_Assigned task_
The answer is the exact run of lines in the listing below from the line containing "Gammaldags fiskeby. Oljemålning" up to and including the line containing "Floral Fish Pattern", with pictures removed.

_Dataset_
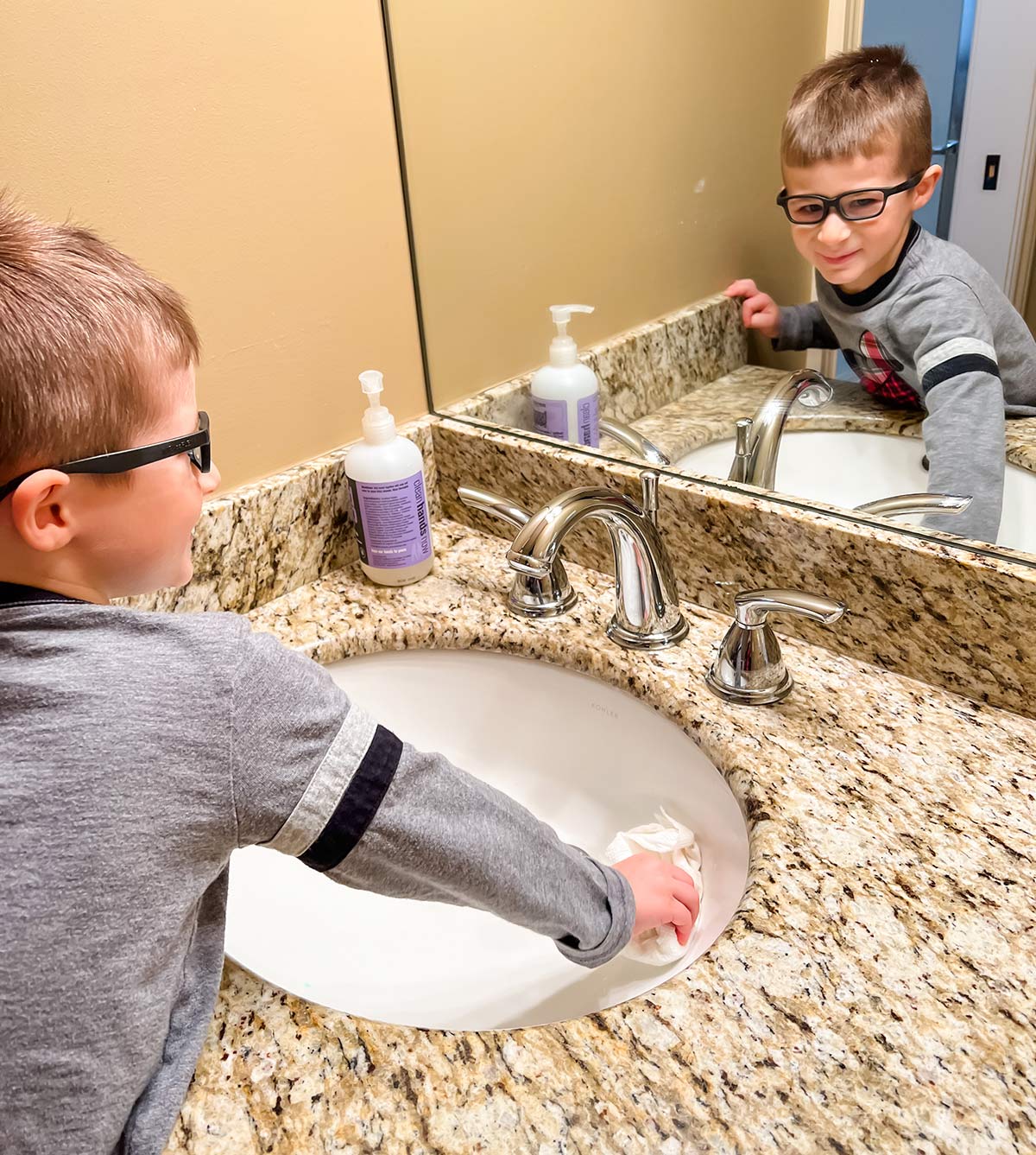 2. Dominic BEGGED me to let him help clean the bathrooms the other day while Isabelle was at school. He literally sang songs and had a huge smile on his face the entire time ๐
* * *
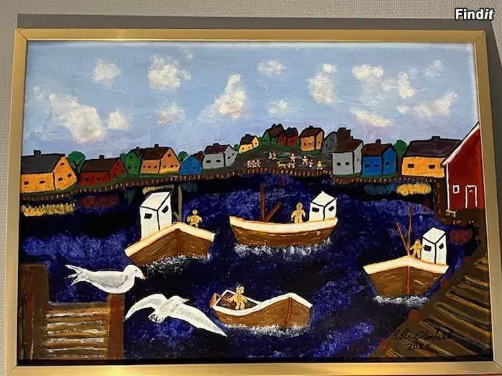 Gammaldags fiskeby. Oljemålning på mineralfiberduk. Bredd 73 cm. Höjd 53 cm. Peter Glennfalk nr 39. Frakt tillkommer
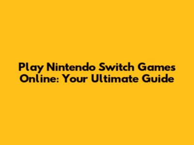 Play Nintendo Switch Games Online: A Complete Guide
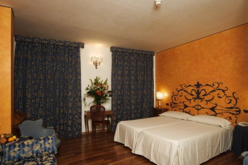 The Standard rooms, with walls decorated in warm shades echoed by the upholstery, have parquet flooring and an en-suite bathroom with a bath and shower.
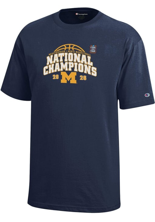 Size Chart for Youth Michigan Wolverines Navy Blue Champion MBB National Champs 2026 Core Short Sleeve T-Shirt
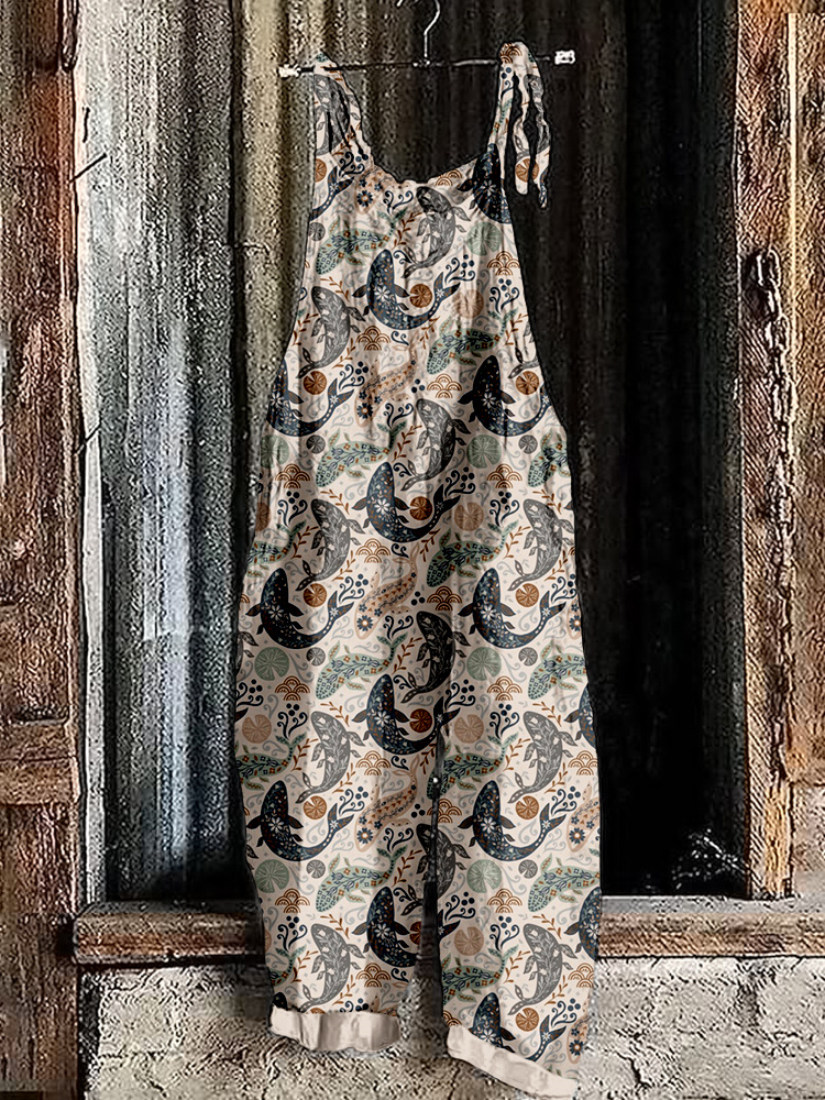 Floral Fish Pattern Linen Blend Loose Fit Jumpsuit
* * *
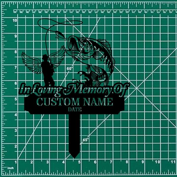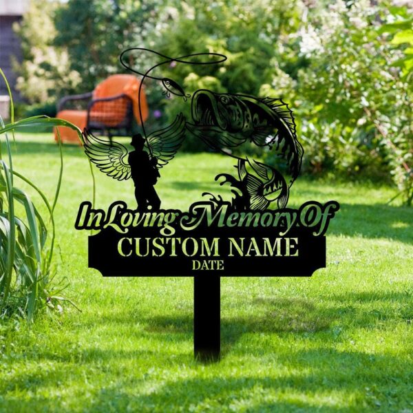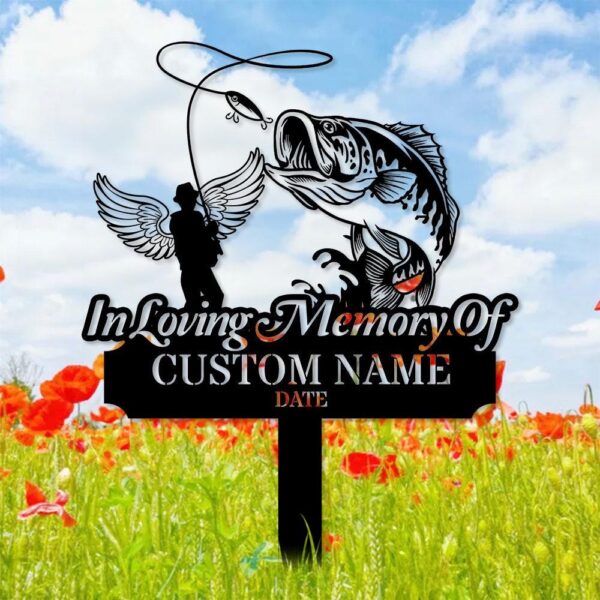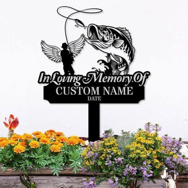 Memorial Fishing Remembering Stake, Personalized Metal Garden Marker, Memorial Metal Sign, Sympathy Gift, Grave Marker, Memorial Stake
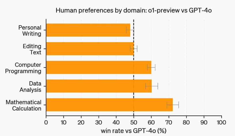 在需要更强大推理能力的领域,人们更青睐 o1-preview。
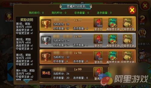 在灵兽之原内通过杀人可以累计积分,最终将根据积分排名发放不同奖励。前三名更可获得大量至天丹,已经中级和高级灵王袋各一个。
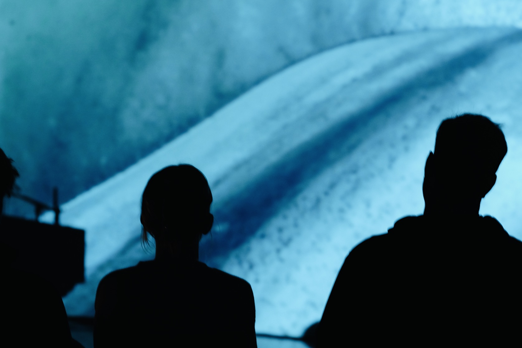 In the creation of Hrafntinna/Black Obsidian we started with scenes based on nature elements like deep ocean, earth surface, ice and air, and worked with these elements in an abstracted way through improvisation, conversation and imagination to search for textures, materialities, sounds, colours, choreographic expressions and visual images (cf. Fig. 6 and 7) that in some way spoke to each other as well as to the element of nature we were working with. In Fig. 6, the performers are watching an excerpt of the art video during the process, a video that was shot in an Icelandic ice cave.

_Reply to the exercise_
 Gammaldags fiskeby. Oljemålning på mineralfiberduk. Bredd 73 cm. Höjd 53 cm. Peter Glennfalk nr 39. Frakt tillkommer
 Play Nintendo Switch Games Online: A Complete Guide
 The Standard rooms, with walls decorated in warm shades echoed by the upholstery, have parquet flooring and an en-suite bathroom with a bath and shower.
 Size Chart for Youth Michigan Wolverines Navy Blue Champion MBB National Champs 2026 Core Short Sleeve T-Shirt
 Floral Fish Pattern Linen Blend Loose Fit Jumpsuit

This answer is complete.